No cabe duda de que Manuel Ramos Otero es escritor de culto. Su trabajo escritural pretendía crear imágenes mitológicas auráticas a fuerza de palabras alrededor de las cabezas de las poetas y los poetas que admiraba.

* Los mitos son cuentos susurrados, ubicuos, deformados y excesivos. Son los percances que sufren aquellas y aquellos cuyo destino es convertirse en “imágenes míticas”. En otro momento de aquella entrevista, Ramos Otero afirma que Julia de Burgos y Luis Palés Matos son “los dos exponentes mayores de la poesía en Puerto Rico”. En “Autobiografía de Todos los nombres el nombre”, yo escribí las siguientes palabras (y debo insistir que sin haber leído entonces ni esta ni ninguna otra entrevista a Ramos Otero): “la escritura de nuestra isla había llegado al límite terrible y maravilloso de la devastación en tres nombres: Manuel Ramos Otero, Julia de Burgos, Luis Palés Matos” (305). Que Ramos Otero y yo coincidamos en la importancia de llamarse Julia de Burgos y Luis Palés Matos no debe sorprender a nadie. No cabe duda de que habría consenso sobre el lugar que ocupa la poesía de ambos en el canon de nuestras letras. Que yo haya juntado el nombre de Ramos Otero a aquellos dos, sin saber que él mismo los había consagrado de manera similar en una entrevista muchos años antes, causa el placer estético del asombro. La casualidad no existe.
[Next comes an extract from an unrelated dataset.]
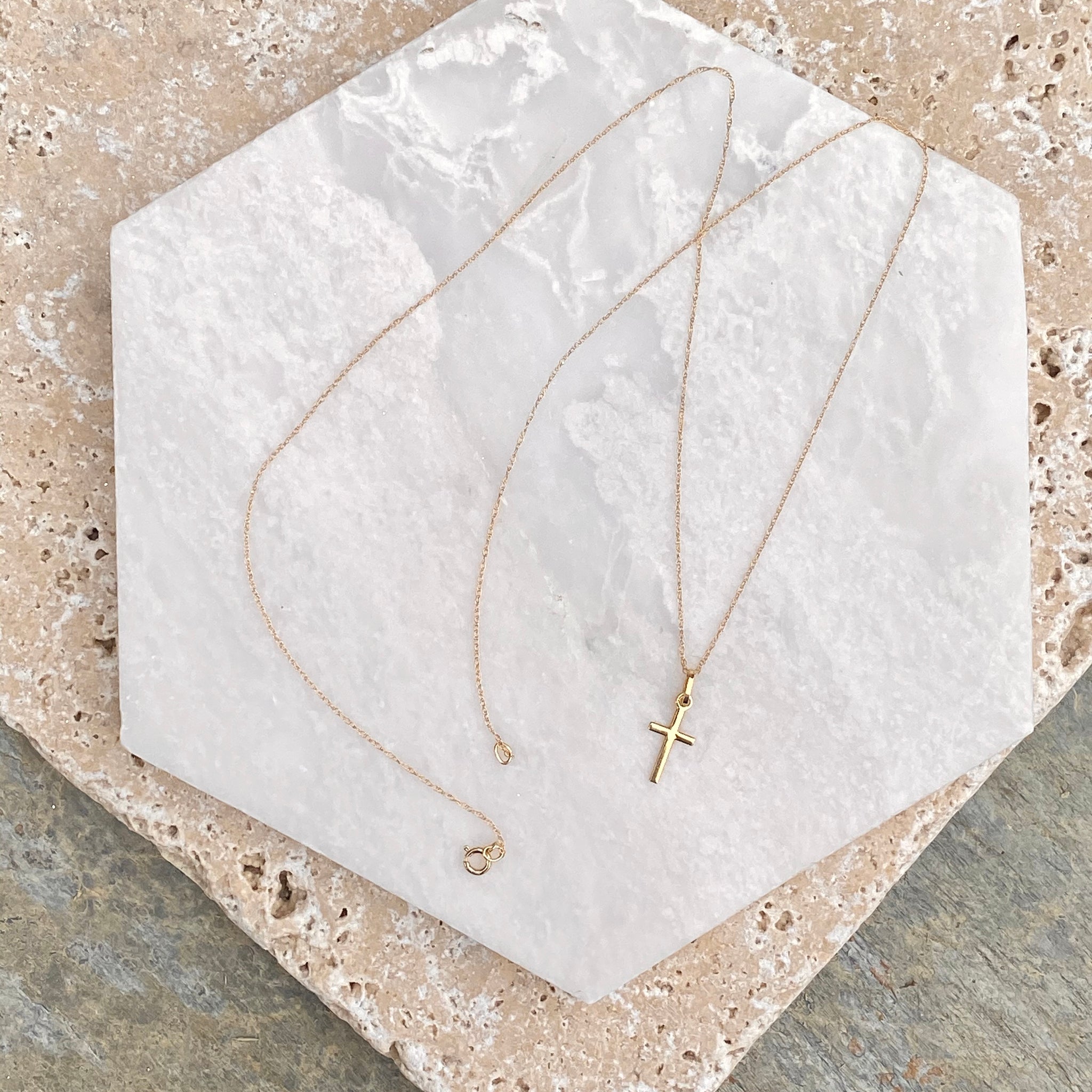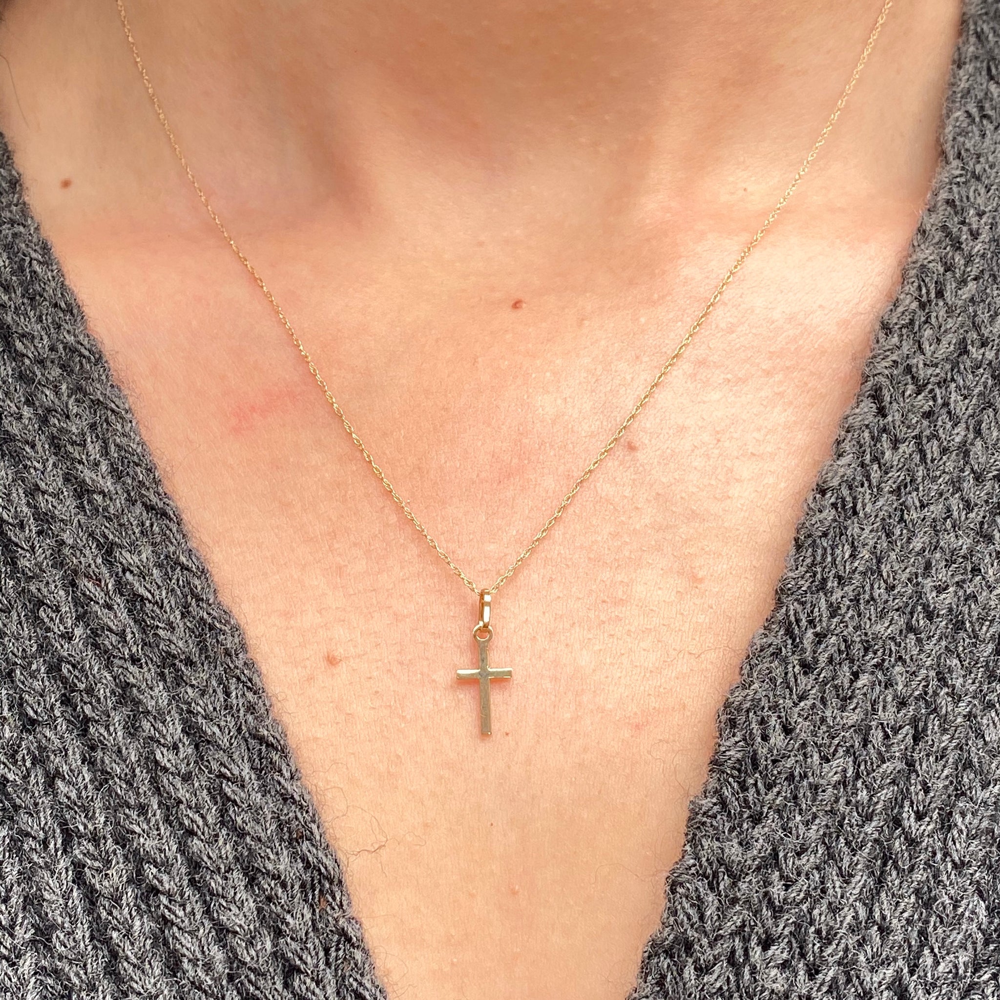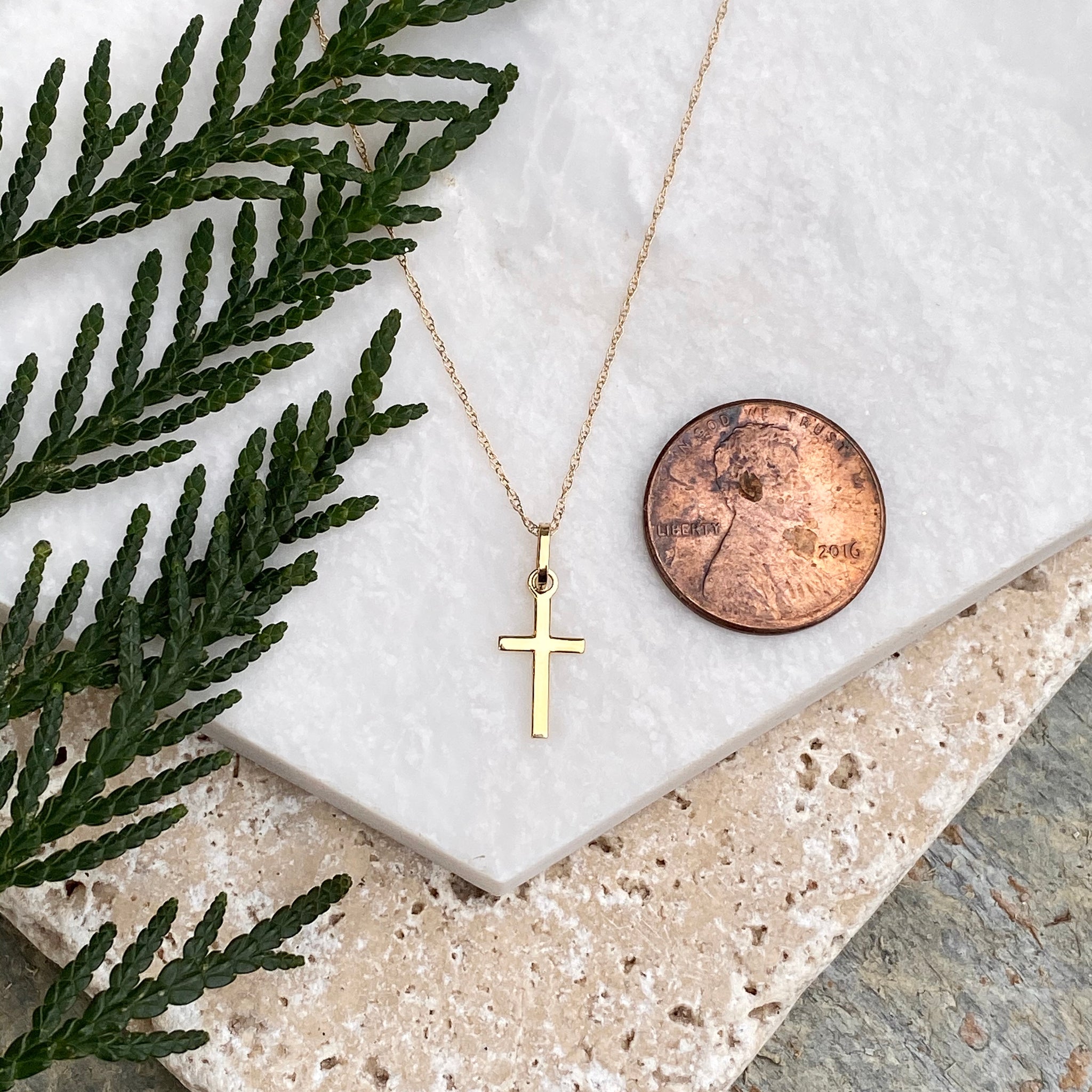 14KT yellow gold mini size cross pendant charm on a thin, 14KT yellow gold cable chain necklace. This pretty cross chain necklace makes a perfect holiday/ Christmas gift!

* En una conversación telefónica con la poeta y amiga Vanesa Droz le pregunté sobre el aura kirliana que aparecía alrededor de la imagen de Ramos Otero en la foto de portada de Invitación al polvo. La poeta me dio una explicación plausible que tiene que ver con una técnica fotográfica desconocida para mí. Recordando que la foto fue tomada en tiempos cuando la fotografía digital todavía no existía, me explicó que los fotógrafos se servían de diversos trucos para manipular sus imágenes. Eran tiempos prePhotoshop, lo que los hace prehistóricos en retrospección. Entre estos trucos de laboratorio, Vanessa me describió uno que consistía en interrumpir el haz de luz que producía la impresión fotográfica (ya fuera con la mano, una parte de esta —quizás un dedo presionando la luz— o algún objeto) para que, entonces, menos luz incidiera en el papel y, así, aclarar alguna zona en cuestión que el fotógrafo anticipaba que quedaría demasiado oscura o que, gracias a un revelado o impresión previa —o a la meticulosa observación de las pruebas de contacto”—, ya había confirmado que había que aclarar. Descartadas las explicaciones sobrenaturales por un lado y la intencionalidad expresa de Ramos Otero o del fotógrafo por el otro, nos quedamos con una explicación pragmática inmanente y asombrosa. La imagen mitológica. La realidad manipulada. Trasteada. El aura de Manuel.

* Una última referencia a aquella entrevista y —como dice una pana artista muy querida— la cuenta. Para entender el efecto de asombro inmanente de esta mención, debe recordarse que es ahora, al momento de esta escritura, cuando leo esta entrevista por primera vez. En ella, Ramos Otero habla de un libro de poesía en el que estaba trabajando en aquel momento. Aquel libro nunca se publicó, pero una nota al calce de la entrevista nos indica que la serie de poemas que iban a componer aquel libro se publicarían posteriormente en una sección de El libro de la muerte. Ramos Otero anuncia que en aquel libro inédito “hay una serie de escritores como Oscar Wilde, Tennessee Williams, Yukio Mishima, Lezama Lima, Pessoa”. El hecho coincidente de que estos nombres aparezcan en el libro que yo escribí años después y que se titula Todos los nombres el nombre no debe sorprender a nadie. Lo que se sabe no se pregunta. Y hay cosas que no se preguntan y punto. Muchos de estos nombres pertenecen a las constelaciones nominales que trabajé en mi libro. Pero otro dato que Ramos Otero revela en la entrevista sí podría provocar asombro. Confieso que a mí me hizo abrir los ojos grandemente, me arqueó las cejas y me cortó la respiración. El título que Manuel Ramos Otero le había dado al libro que escribía al momento de aquella entrevista publicada después de su muerte, a aquel libro que nunca publicó: Todos los hombres del hombre. ¡Oh! Indeed, la casualidad no existe.